From the first time I saw a bowhunter riding an electric fat bike, I wanted one. I knew it would change how I hunt, especially on public land where I often walk miles upon miles. An electric fat bike allows hunters to access hard-to-get-to locales that are often neglected for fear of being unable to get animals out quickly enough, without risking meat spoilage.

So when Rogue Ridge Founder Mark Garcia called to talk to me about the new RM750, I couldn’t wait to test it out.

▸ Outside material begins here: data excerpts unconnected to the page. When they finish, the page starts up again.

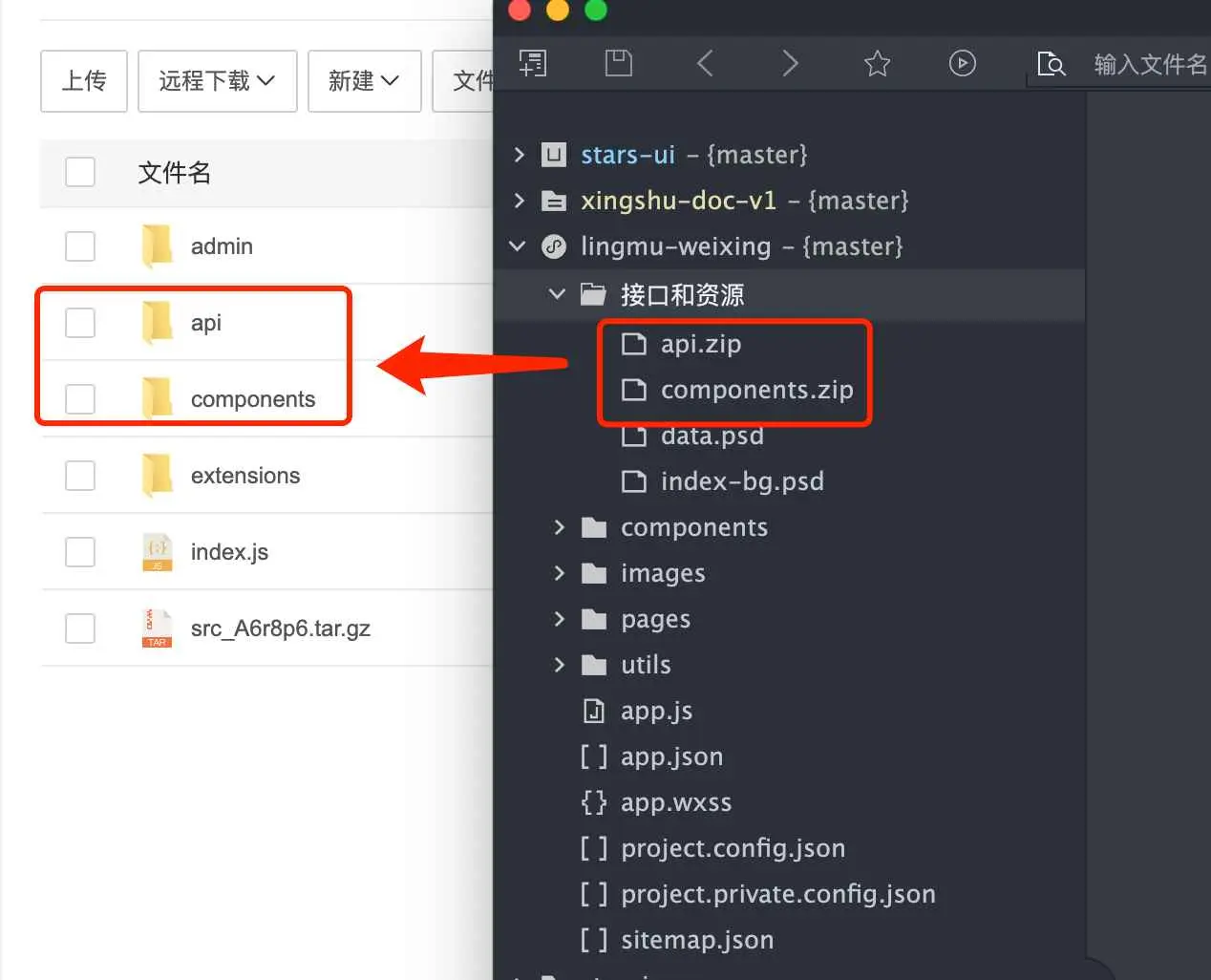 V3.0开始只要打开项目目录my-project将下载好的小程序源码中的server.js和src.zip上传解压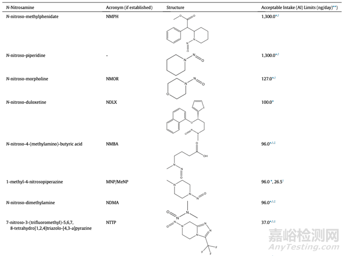 表7:個(gè)別監(jiān)管機(jī)構(gòu)公布的藥物產(chǎn)品中亞硝胺雜質(zhì)的可接受攝入量限制的例子(不一定適用于所有國(guó)家和地區(qū))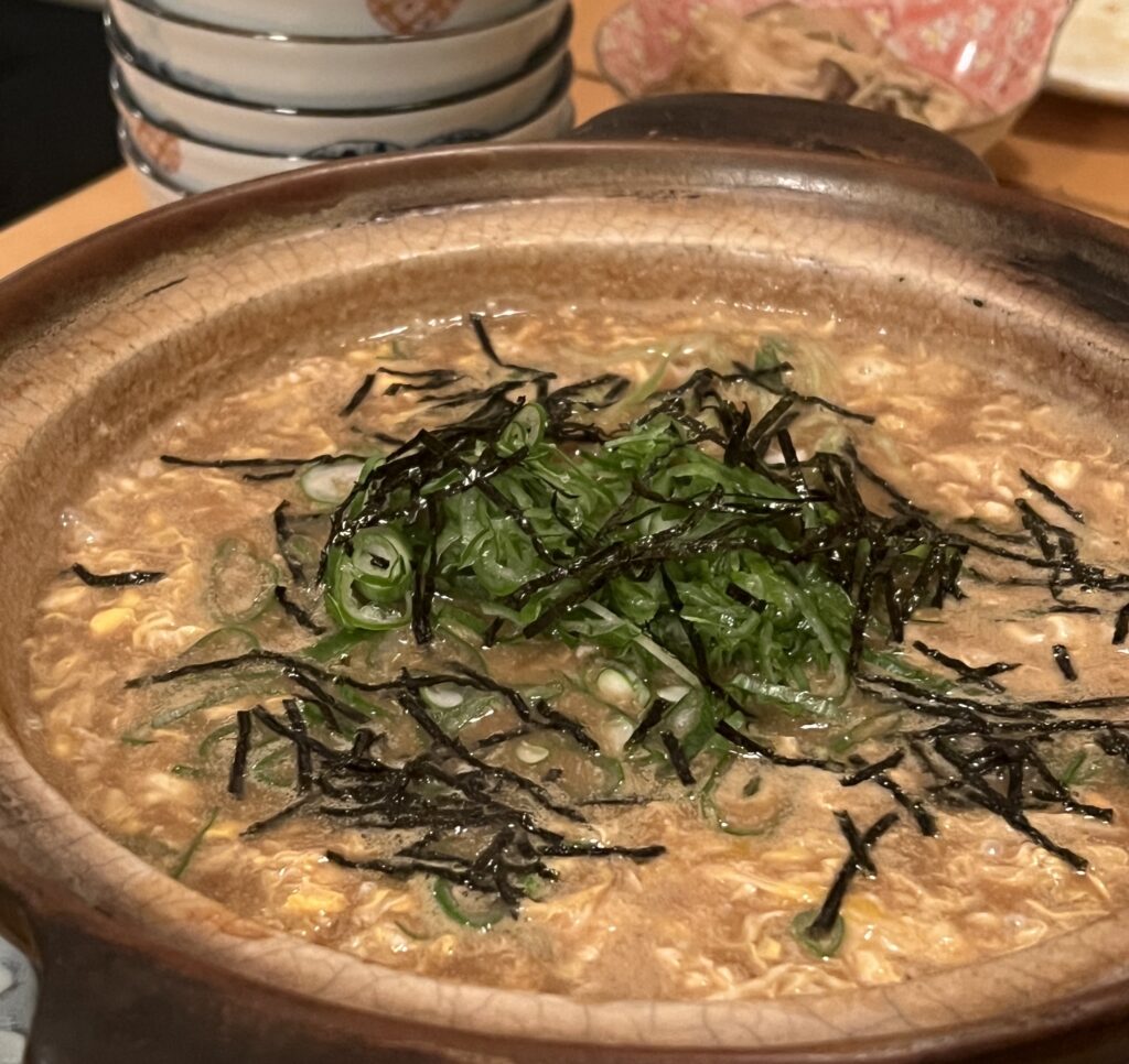↑あんこう鍋のおじや。寒い日ほど、鍋は美味しいですね。

This is a sophisticated, fun, reliable and impressive two-wheeled machine. Honestly, riding this bike, which I rode on blacktop, logging roads and more-rock-than-dirt trails, took me back to being a 10-year-old screaming down the sidewalk on my first Huffy. Only the RM750 is about five times smoother than a Huffy and offers a lot more purposeful bells and whistles. The bike is balanced and, at 65 pounds, not a pain to load and unload. It runs like a top and proved ultra reliable.

Assembly and battery life

electric fat bike hunters

What was once a 20- to 30-minute walk with a 25- to 30-pound pack for Bowhunting World editor Jace Bauserman has now become a smooth and steady 10-minute ride. Photo: Rogue Ridge.

I figured the bike would be a nightmare to assemble. I was wrong. In less than 15 minutes my wife and I had the bike’s Promax HB-3188 handlebars on, the front wheel aligned and the seat set. After screwing in the pedals and making a few personal adjustments, the bike was ready to roll.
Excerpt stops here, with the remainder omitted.